Oh je: Die Draufsicht fehlt
In Sachen Taktik und Komplexität soll Dragon Age 2 seinem Vorgänger in nichts nachstehen. Im Gegenteil: Bioware legt sogar noch eine Schippe drauf, etwa bei den Gegnertypen. So gibt es nun ähnlich wie in Diablo 2spezielle Anführer, die ihre Schergen stärker machen oder sie heilen. Wieder andere Monster versuchen unserer Gruppe in den Rücken zu fallen, um schurkentypisch kritische Treffer zu landen oder unseren nahkampfschwachen Magiern zu schaden.
Damit die Taktikscharmützel nicht in Fummelei ausarten, bietet Dragon Age 2 den aus dem Vorgänger bekannten Verhaltenseditor, in dem wir bis ins kleinste Detail festlegen, wie unsere Teammitglieder in bestimmten Situationen zu reagieren haben. Fällt zum Beispiel die Lebenskraft unseres Kriegers unter die Marke von 20 Prozent, soll er automatisch zum Heiltrank greifen. Auch die vorgefertigten Setups (zum Beispiel aggressiv, defensiv oder passiv) sind wieder dabei. Allerdings fällt die aus dem Vorgänger bekannte Vogelperspektive der Schere zum Opfer. Bislang veröffentlichte Videos aus der PC-Fassung zeigten bereits, dass sich die Kamera zwar stufenlos herauszoomen lässt, nicht aber bis ganz »hinauf«, wie wir das aus Origins kennen und lieben.
Technisch auf dem Stand von Origins
Thema Technik. In Dragon Age 2 arbeitet Biowares hauseigene Eclipse-Engine, die bereits im ersten Teil zum Einsatz kam. Kein Wunder, denn anders wäre das Team wohl kaum in der Lage gewesen, die Fortsetzung derart zügig zu entwickeln. Dass das Grafikgerüst nicht mehr ganz taufrisch ist, sieht man vor allem den Texturen und der generellen Detailarmut an.

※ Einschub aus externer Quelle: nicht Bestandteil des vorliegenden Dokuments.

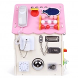 Oplev det rigt udstyrede aktivitetsboard-hus, som forener leg og læring i ét. Takket være de mange mekaniske elementer – låse, spænder, snørebånd, hjul og kontakter – forfiner børn deres finmotorik og logiske tænkning, mens de udvikler kreativitet og nysgerrighed.

Um dem entgegenzuwirken, greift Bioware zu einem Trick: Dragon Age 2 bekommt eine ungewöhnliche, geradezu abstrakte Optik, in der rotgraue Töne dominieren, die Landschaften bewusst steril ausfallen und harte Kontraste gezielte Akzente setzen. Durch diesen fast artifiziellen Look wollen die Entwickler unseren Blick weg von verspielten Landschaftsdetails hin zum Wesentlichen lenken: auf die Charaktere.
Um den Effekt noch zu verstärken, bekamen die Figuren zusätzliche Polygone spendiert, was vor allem den Gesichtern zugute kommt. Die Dialoge mit ihren wechselnden Kameraperspektiven und Großaufnahmen wirken nun ein ganzes Stück lebensechter und damit emotionaler als beim Vorgänger. Ein weiterer positiver Nebeneffekt: Durch seinen künstlerischen Ansatz hebt sich Dragon Age 2 stark von allen anderen Fantasy-Spielen ab. »Wer einen Screenshot sieht, weiß sofort, dass es sich um Dragon Age handelt«, grinst David. Dass die Serie ansonsten technisch weitgehend stagniert, hat auch einen Vorteil: Die Hardware-Vorrausetzungen werden nicht merklich ansteigen.
Ein Ausblick...
Was also geschieht mit der Dragon Age-Serie? Ja, das Tempo legt zu. Ja, die Kämpfe werden actionreicher. Und ja, die Geschichte folgt einer ungewöhnlichen Erzählweise. Dass dadurch die Seele des Spiels verloren geht, wagen wir aber zu bezweifeln. Im Gegenteil: Bioware geht das Projekt mit Vorsicht und Respekt an, feilt lediglich an den Kanten, macht das Spielgefühl flüssiger und die Identifikation mit dem Helden einfacher. Glaubt man Bioware - und diesen Vertrauensbonus hat sich das Studio verdient - wird Dragon Age 2 dadurch ein weit intensiveres Rollenspiel-Erlebnis als sein bereits grandioser Vorgänger. »Die Fans sollen uns nicht blind vertrauen, nur weil wir Bioware sind«, sagt David Gaider. Wir holen abermals tief Luft. Diesmal jedoch voller Vorfreude.